Stored items:
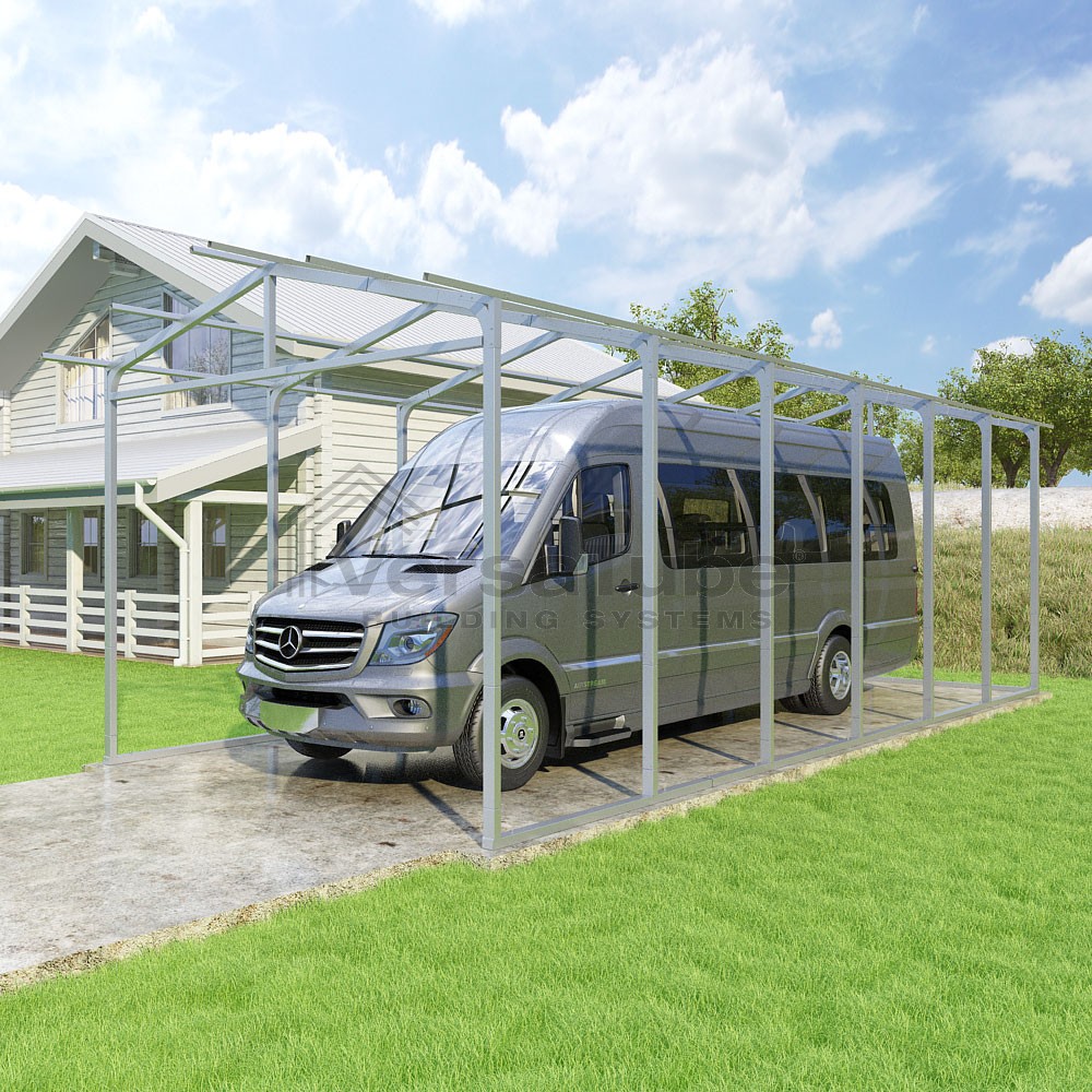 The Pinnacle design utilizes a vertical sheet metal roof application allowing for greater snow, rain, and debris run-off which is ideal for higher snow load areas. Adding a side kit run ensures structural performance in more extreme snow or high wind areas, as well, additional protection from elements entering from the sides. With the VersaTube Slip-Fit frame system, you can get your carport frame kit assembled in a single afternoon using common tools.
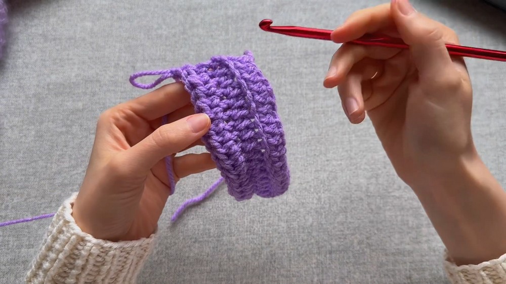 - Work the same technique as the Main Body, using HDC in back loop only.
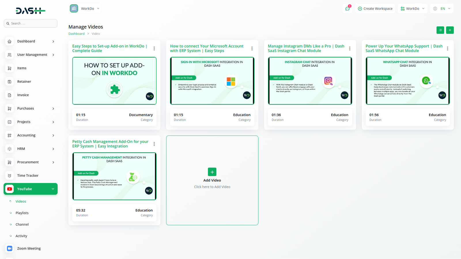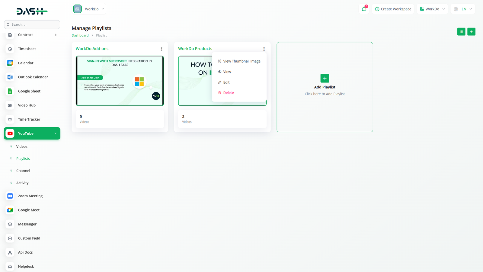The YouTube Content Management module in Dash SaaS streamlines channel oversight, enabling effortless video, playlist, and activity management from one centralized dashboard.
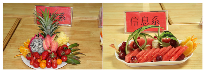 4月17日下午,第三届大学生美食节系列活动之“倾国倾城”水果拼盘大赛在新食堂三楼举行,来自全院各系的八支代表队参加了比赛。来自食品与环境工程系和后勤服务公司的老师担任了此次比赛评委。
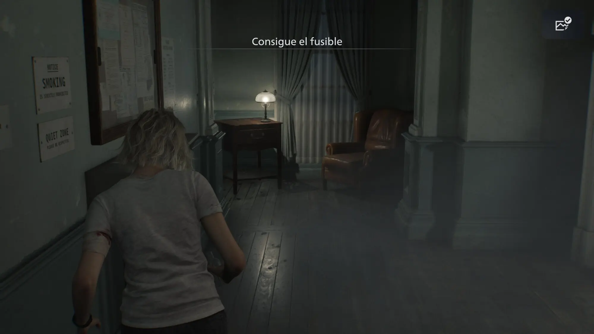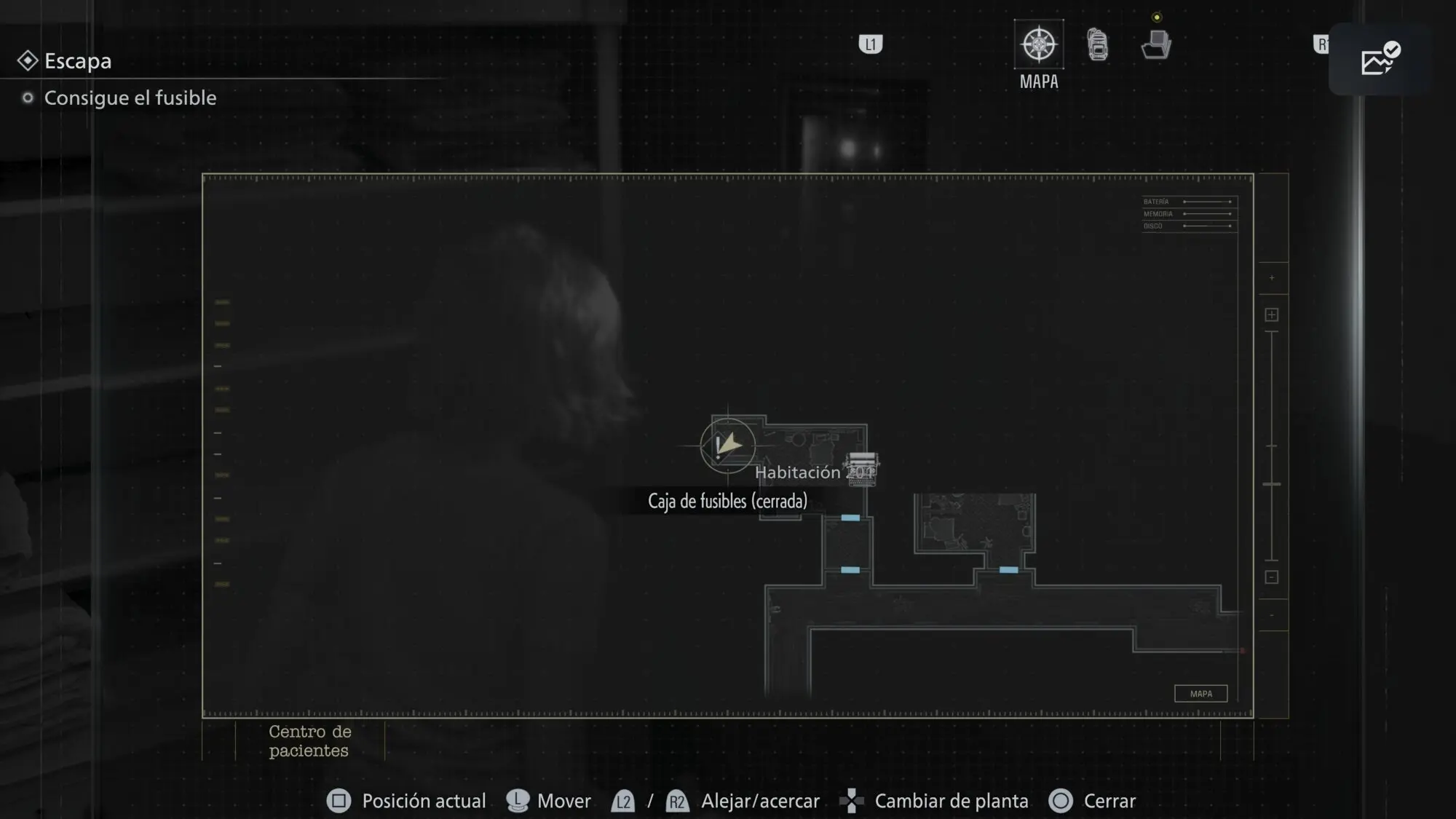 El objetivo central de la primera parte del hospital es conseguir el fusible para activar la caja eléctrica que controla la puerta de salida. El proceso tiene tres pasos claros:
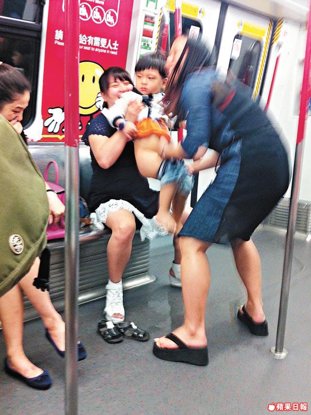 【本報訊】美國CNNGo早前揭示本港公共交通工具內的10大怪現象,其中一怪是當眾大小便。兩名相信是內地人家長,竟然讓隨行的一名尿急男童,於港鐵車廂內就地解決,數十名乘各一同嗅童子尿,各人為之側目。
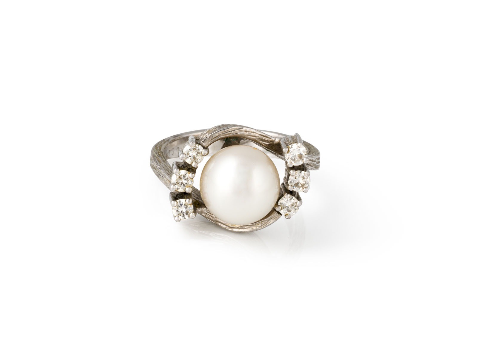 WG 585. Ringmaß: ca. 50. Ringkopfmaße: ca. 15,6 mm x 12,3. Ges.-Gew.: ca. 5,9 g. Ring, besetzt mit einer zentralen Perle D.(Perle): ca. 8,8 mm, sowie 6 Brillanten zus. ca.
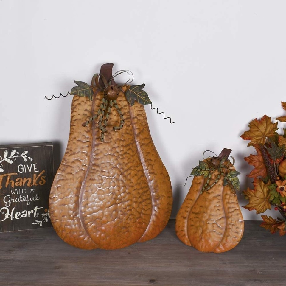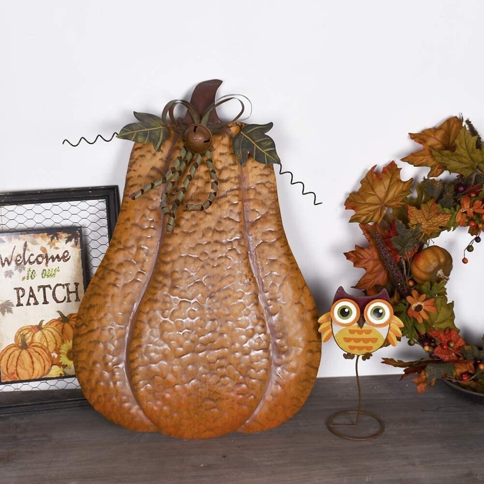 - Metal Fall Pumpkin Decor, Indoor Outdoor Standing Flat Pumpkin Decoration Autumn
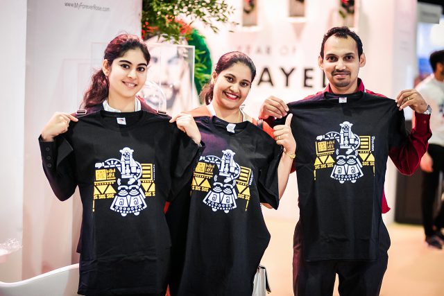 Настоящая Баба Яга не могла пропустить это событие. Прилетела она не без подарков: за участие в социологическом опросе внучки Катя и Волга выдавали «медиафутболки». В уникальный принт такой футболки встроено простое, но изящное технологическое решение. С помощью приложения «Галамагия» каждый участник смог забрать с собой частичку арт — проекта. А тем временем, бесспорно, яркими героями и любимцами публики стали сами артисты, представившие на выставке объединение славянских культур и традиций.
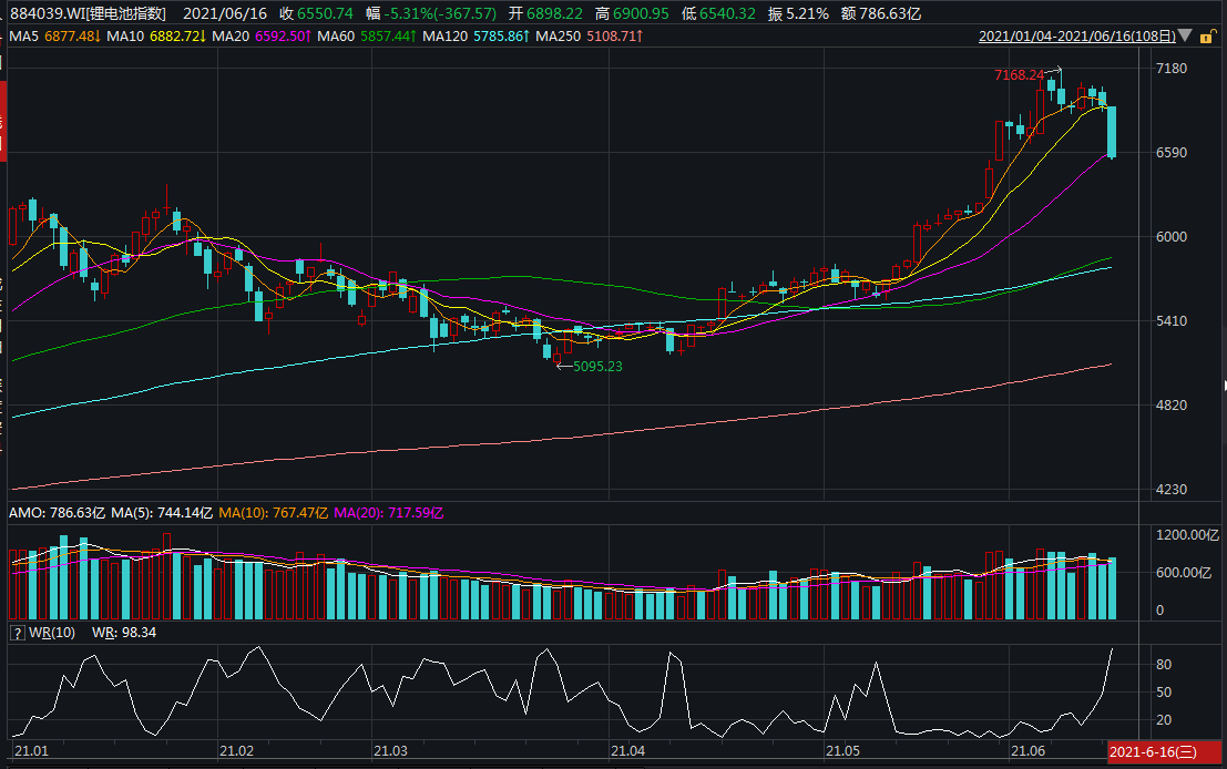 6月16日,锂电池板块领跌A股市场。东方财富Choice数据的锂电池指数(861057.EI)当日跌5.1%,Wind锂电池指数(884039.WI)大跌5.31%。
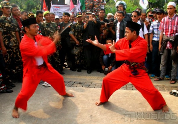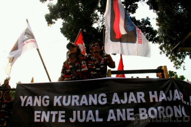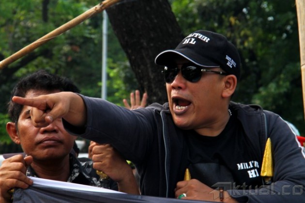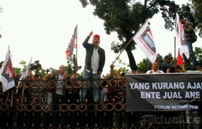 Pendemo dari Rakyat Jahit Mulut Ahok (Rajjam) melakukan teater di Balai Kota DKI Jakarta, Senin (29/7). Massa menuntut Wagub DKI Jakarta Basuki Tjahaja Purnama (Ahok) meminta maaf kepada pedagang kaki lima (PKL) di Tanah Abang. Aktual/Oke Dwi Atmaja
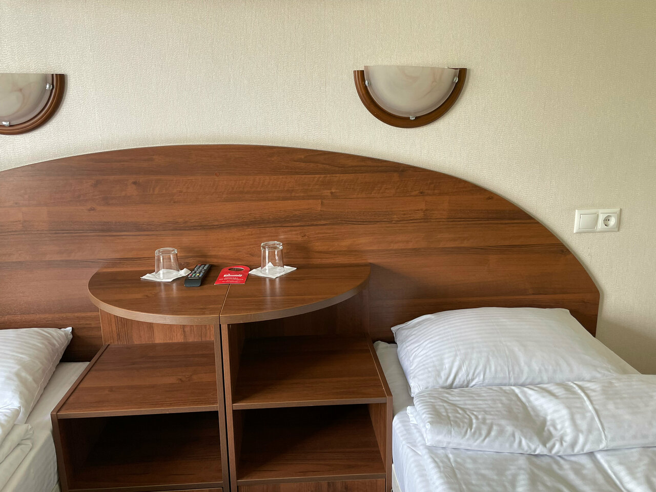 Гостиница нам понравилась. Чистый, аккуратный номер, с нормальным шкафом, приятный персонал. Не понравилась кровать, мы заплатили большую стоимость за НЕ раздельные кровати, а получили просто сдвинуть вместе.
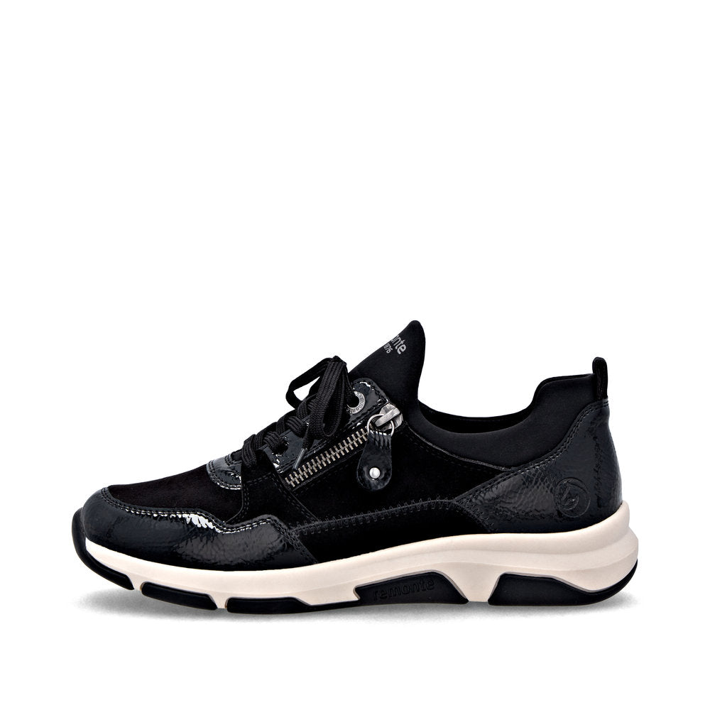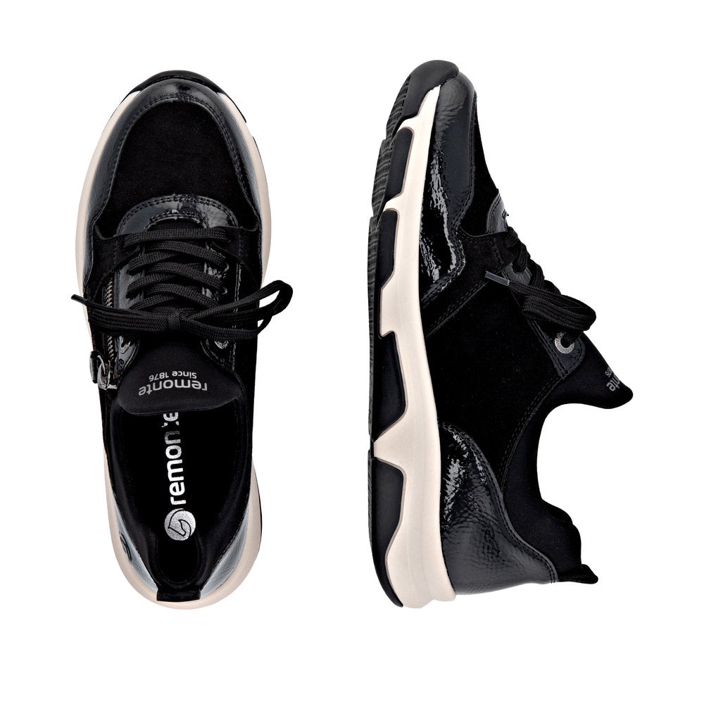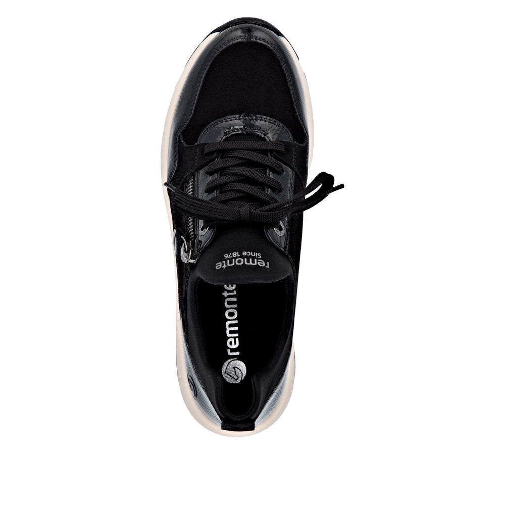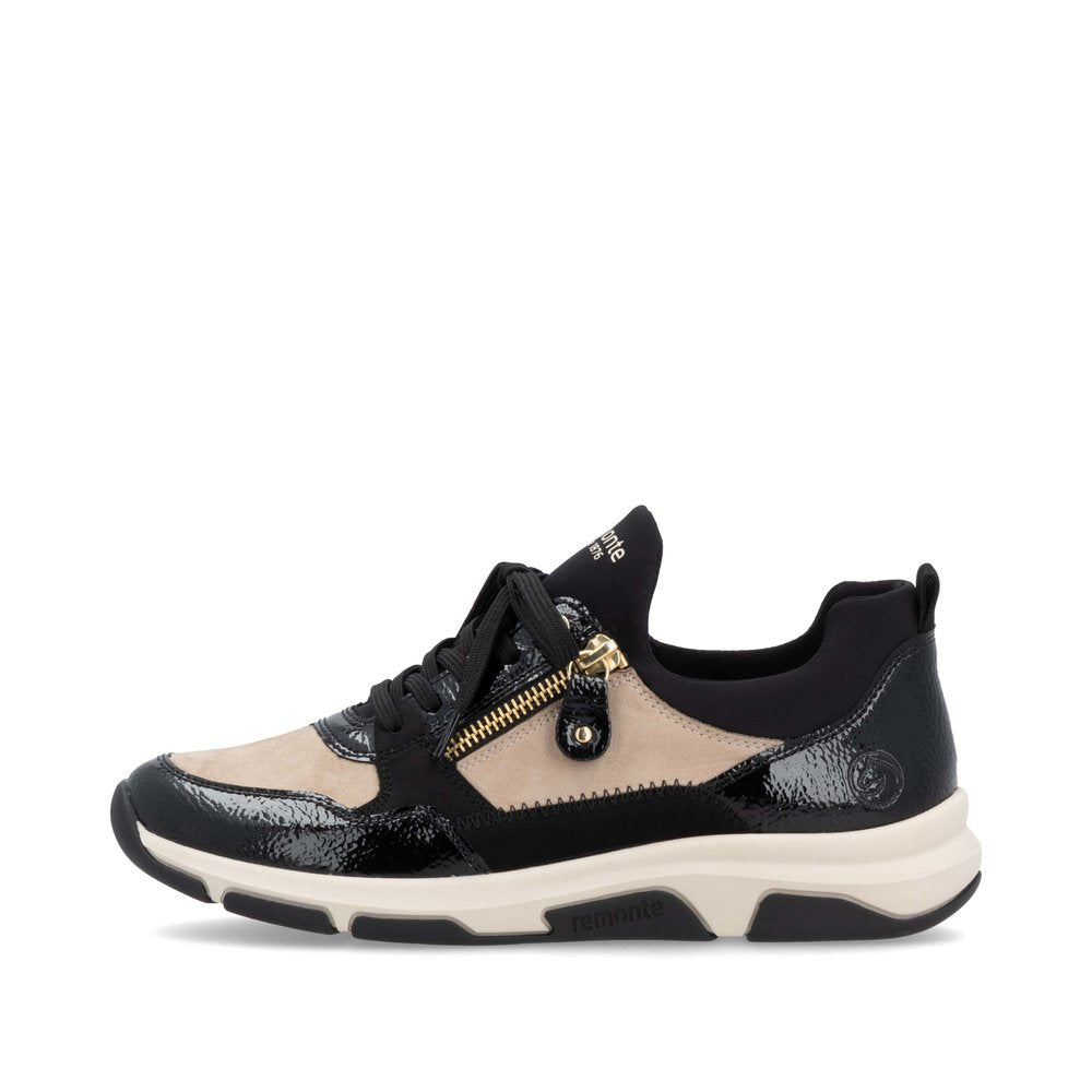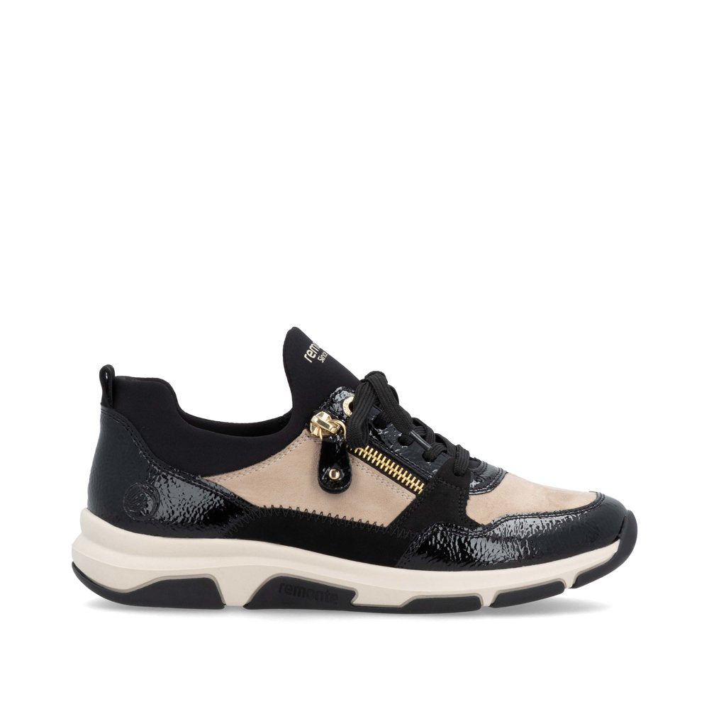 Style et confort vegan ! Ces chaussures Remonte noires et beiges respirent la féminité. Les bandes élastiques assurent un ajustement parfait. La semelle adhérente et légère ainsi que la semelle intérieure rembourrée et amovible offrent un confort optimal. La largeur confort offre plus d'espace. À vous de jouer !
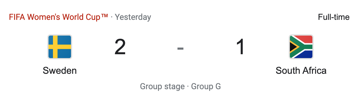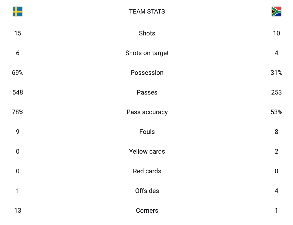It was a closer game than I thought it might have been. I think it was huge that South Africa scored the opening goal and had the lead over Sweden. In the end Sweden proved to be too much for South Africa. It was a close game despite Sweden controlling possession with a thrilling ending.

TASK GOAL :: Could you set down the records above word for word, without any of the pictures?

ANSWER AREA ::
 The Pinnacle design utilizes a vertical sheet metal roof application allowing for greater snow, rain, and debris run-off which is ideal for higher snow load areas. Adding a side kit run ensures structural performance in more extreme snow or high wind areas, as well, additional protection from elements entering from the sides. With the VersaTube Slip-Fit frame system, you can get your carport frame kit assembled in a single afternoon using common tools.
 - Work the same technique as the Main Body, using HDC in back loop only.
The YouTube Content Management module in Dash SaaS streamlines channel oversight, enabling effortless video, playlist, and activity management from one centralized dashboard.
 4月17日下午,第三届大学生美食节系列活动之“倾国倾城”水果拼盘大赛在新食堂三楼举行,来自全院各系的八支代表队参加了比赛。来自食品与环境工程系和后勤服务公司的老师担任了此次比赛评委。
 El objetivo central de la primera parte del hospital es conseguir el fusible para activar la caja eléctrica que controla la puerta de salida. El proceso tiene tres pasos claros:
 【本報訊】美國CNNGo早前揭示本港公共交通工具內的10大怪現象,其中一怪是當眾大小便。兩名相信是內地人家長,竟然讓隨行的一名尿急男童,於港鐵車廂內就地解決,數十名乘各一同嗅童子尿,各人為之側目。
 WG 585. Ringmaß: ca. 50. Ringkopfmaße: ca. 15,6 mm x 12,3. Ges.-Gew.: ca. 5,9 g. Ring, besetzt mit einer zentralen Perle D.(Perle): ca. 8,8 mm, sowie 6 Brillanten zus. ca.
 - Metal Fall Pumpkin Decor, Indoor Outdoor Standing Flat Pumpkin Decoration Autumn
 Настоящая Баба Яга не могла пропустить это событие. Прилетела она не без подарков: за участие в социологическом опросе внучки Катя и Волга выдавали «медиафутболки». В уникальный принт такой футболки встроено простое, но изящное технологическое решение. С помощью приложения «Галамагия» каждый участник смог забрать с собой частичку арт — проекта. А тем временем, бесспорно, яркими героями и любимцами публики стали сами артисты, представившие на выставке объединение славянских культур и традиций.
 6月16日,锂电池板块领跌A股市场。东方财富Choice数据的锂电池指数(861057.EI)当日跌5.1%,Wind锂电池指数(884039.WI)大跌5.31%。
 Pendemo dari Rakyat Jahit Mulut Ahok (Rajjam) melakukan teater di Balai Kota DKI Jakarta, Senin (29/7). Massa menuntut Wagub DKI Jakarta Basuki Tjahaja Purnama (Ahok) meminta maaf kepada pedagang kaki lima (PKL) di Tanah Abang. Aktual/Oke Dwi Atmaja
 Гостиница нам понравилась. Чистый, аккуратный номер, с нормальным шкафом, приятный персонал. Не понравилась кровать, мы заплатили большую стоимость за НЕ раздельные кровати, а получили просто сдвинуть вместе.
 Style et confort vegan ! Ces chaussures Remonte noires et beiges respirent la féminité. Les bandes élastiques assurent un ajustement parfait. La semelle adhérente et légère ainsi que la semelle intérieure rembourrée et amovible offrent un confort optimal. La largeur confort offre plus d'espace. À vous de jouer !
It was a closer game than I thought it might have been. I think it was huge that South Africa scored the opening goal and had the lead over Sweden. In the end Sweden proved to be too much for South Africa. It was a close game despite Sweden controlling possession with a thrilling ending.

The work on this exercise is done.